_Task:_ Leave every image out, and print the remaining lines below exactly.

_Records for this task:_

- - -

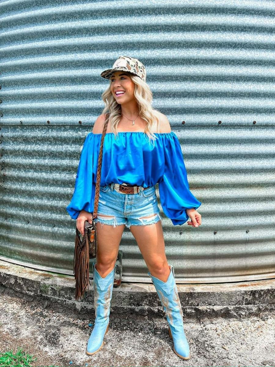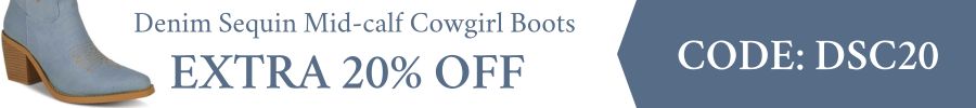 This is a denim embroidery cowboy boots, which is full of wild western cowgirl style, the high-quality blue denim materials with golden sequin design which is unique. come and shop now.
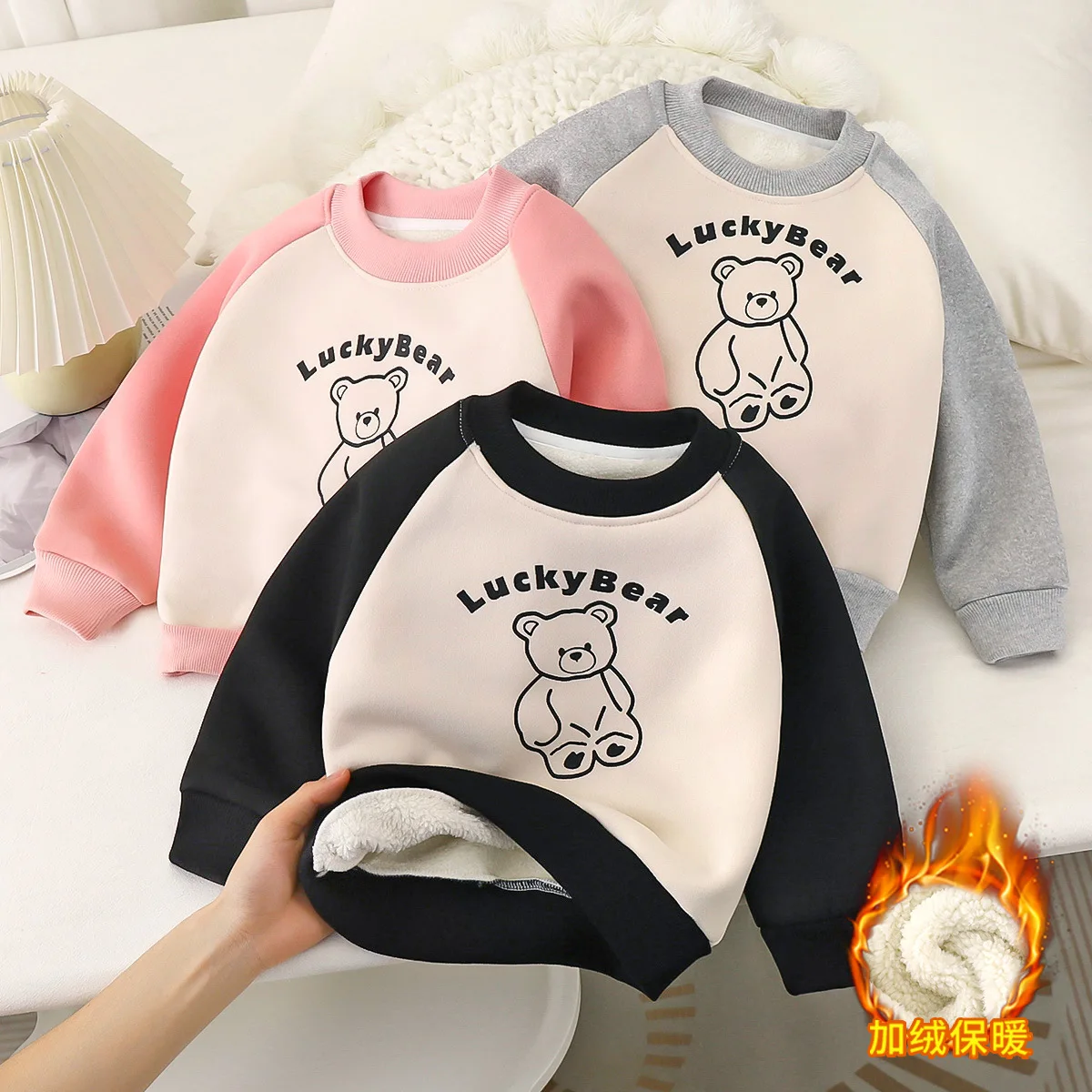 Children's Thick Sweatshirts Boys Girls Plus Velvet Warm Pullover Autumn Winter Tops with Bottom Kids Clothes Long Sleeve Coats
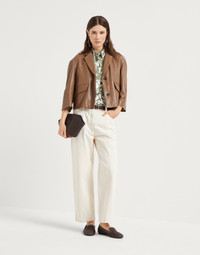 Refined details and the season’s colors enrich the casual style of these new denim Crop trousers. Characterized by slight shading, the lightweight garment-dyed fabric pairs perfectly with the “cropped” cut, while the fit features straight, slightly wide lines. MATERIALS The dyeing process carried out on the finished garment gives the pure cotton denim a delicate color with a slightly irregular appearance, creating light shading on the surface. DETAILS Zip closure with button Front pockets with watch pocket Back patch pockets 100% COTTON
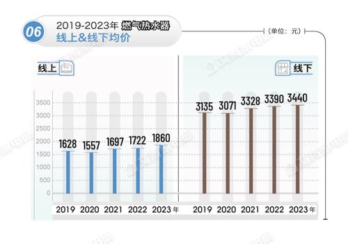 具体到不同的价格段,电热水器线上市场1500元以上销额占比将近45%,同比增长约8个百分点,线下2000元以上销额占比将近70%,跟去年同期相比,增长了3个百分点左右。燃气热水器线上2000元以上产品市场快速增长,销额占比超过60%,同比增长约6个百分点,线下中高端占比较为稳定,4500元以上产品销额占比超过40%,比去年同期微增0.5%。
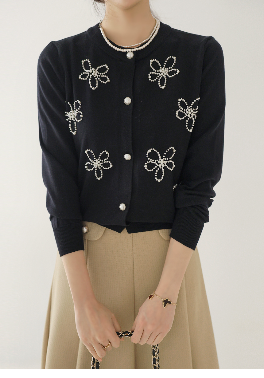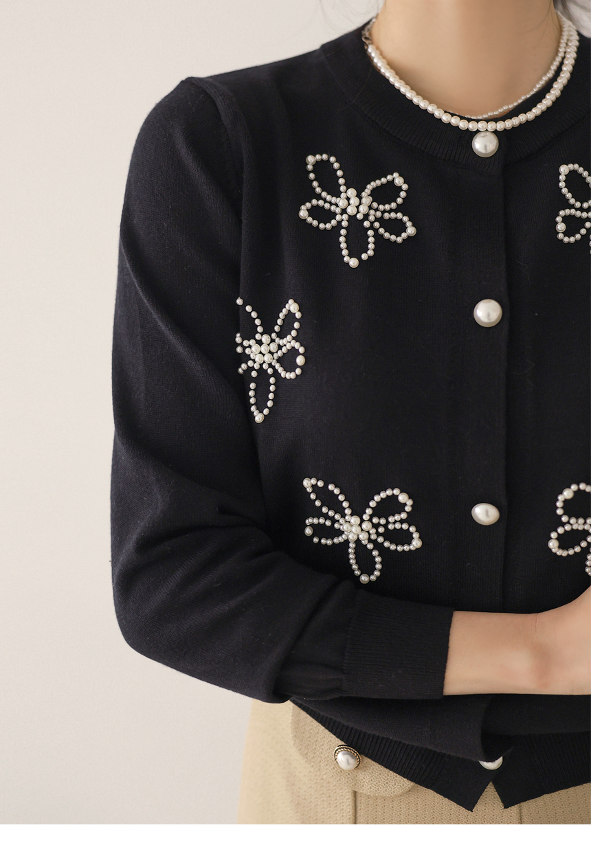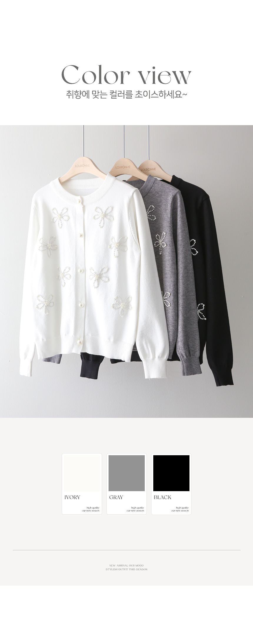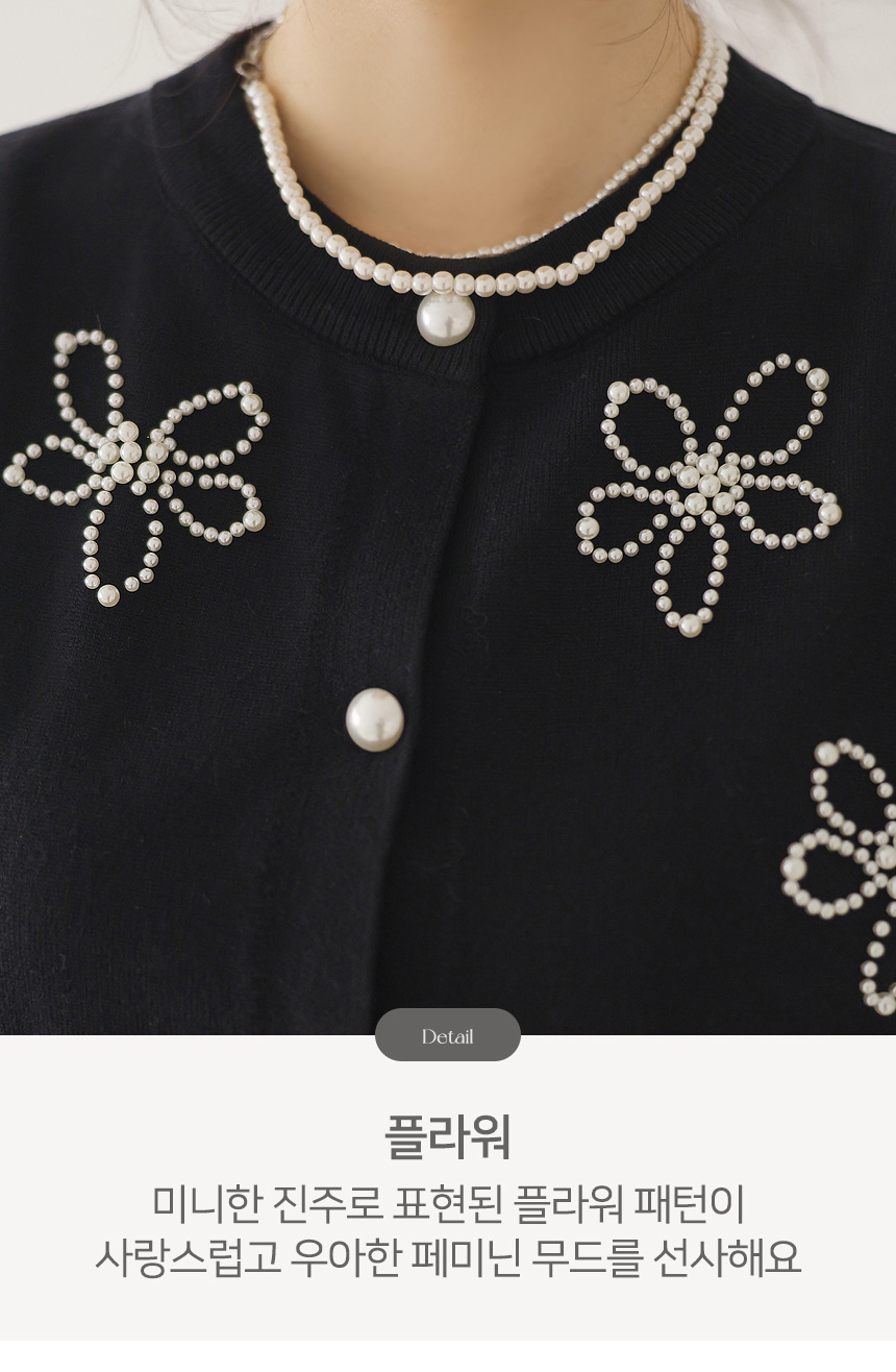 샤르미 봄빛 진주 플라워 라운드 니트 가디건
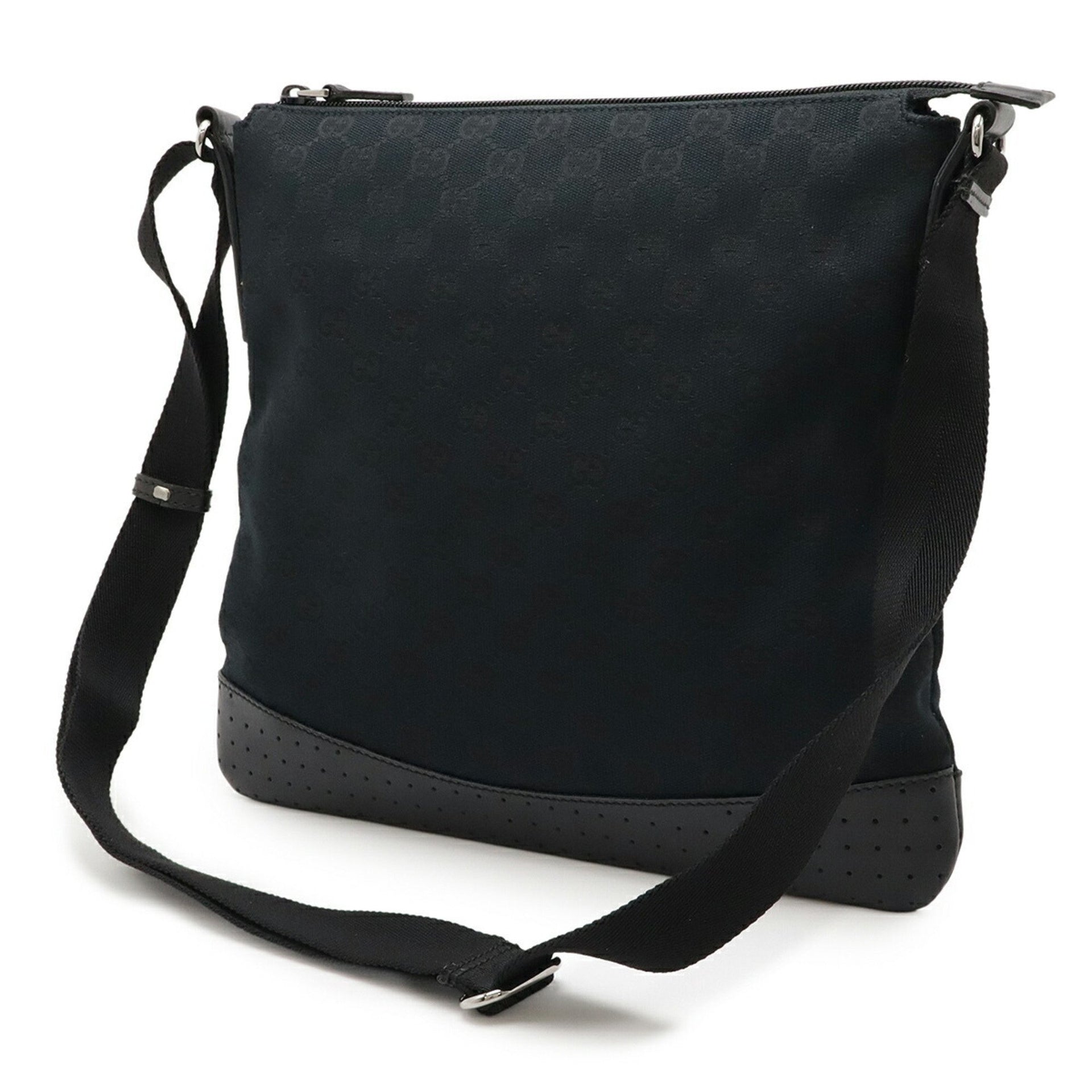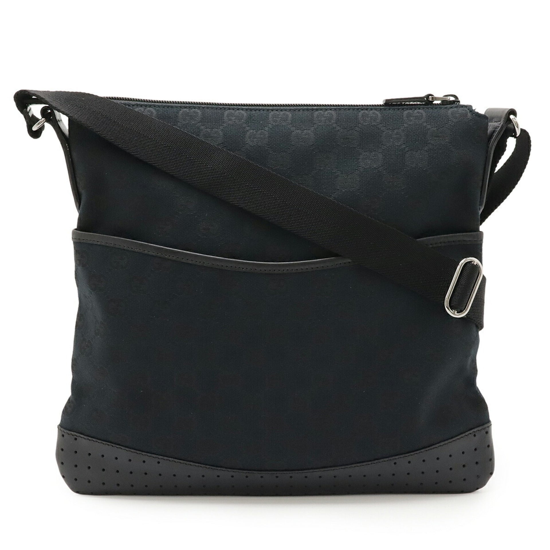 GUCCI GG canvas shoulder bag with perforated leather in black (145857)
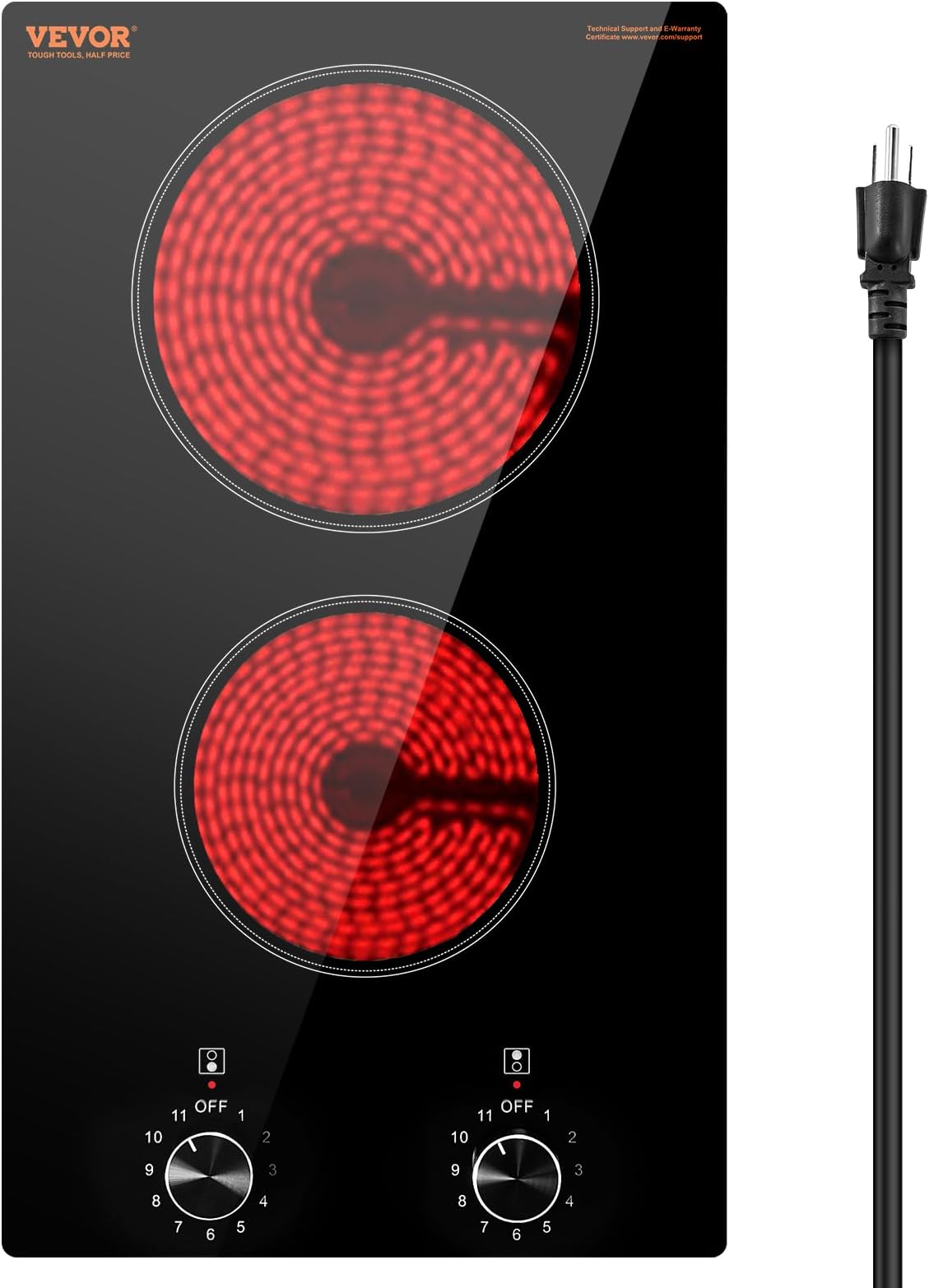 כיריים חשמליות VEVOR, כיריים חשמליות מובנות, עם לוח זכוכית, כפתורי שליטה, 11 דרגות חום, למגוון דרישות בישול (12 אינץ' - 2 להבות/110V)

- - -

_Solution for this exercise:_
 This is a denim embroidery cowboy boots, which is full of wild western cowgirl style, the high-quality blue denim materials with golden sequin design which is unique. come and shop now.
 Children's Thick Sweatshirts Boys Girls Plus Velvet Warm Pullover Autumn Winter Tops with Bottom Kids Clothes Long Sleeve Coats
 Refined details and the season’s colors enrich the casual style of these new denim Crop trousers. Characterized by slight shading, the lightweight garment-dyed fabric pairs perfectly with the “cropped” cut, while the fit features straight, slightly wide lines. MATERIALS The dyeing process carried out on the finished garment gives the pure cotton denim a delicate color with a slightly irregular appearance, creating light shading on the surface. DETAILS Zip closure with button Front pockets with watch pocket Back patch pockets 100% COTTON
 具体到不同的价格段,电热水器线上市场1500元以上销额占比将近45%,同比增长约8个百分点,线下2000元以上销额占比将近70%,跟去年同期相比,增长了3个百分点左右。燃气热水器线上2000元以上产品市场快速增长,销额占比超过60%,同比增长约6个百分点,线下中高端占比较为稳定,4500元以上产品销额占比超过40%,比去年同期微增0.5%。
 샤르미 봄빛 진주 플라워 라운드 니트 가디건
 GUCCI GG canvas shoulder bag with perforated leather in black (145857)
 כיריים חשמליות VEVOR, כיריים חשמליות מובנות, עם לוח זכוכית, כפתורי שליטה, 11 דרגות חום, למגוון דרישות בישול (12 אינץ' - 2 להבות/110V)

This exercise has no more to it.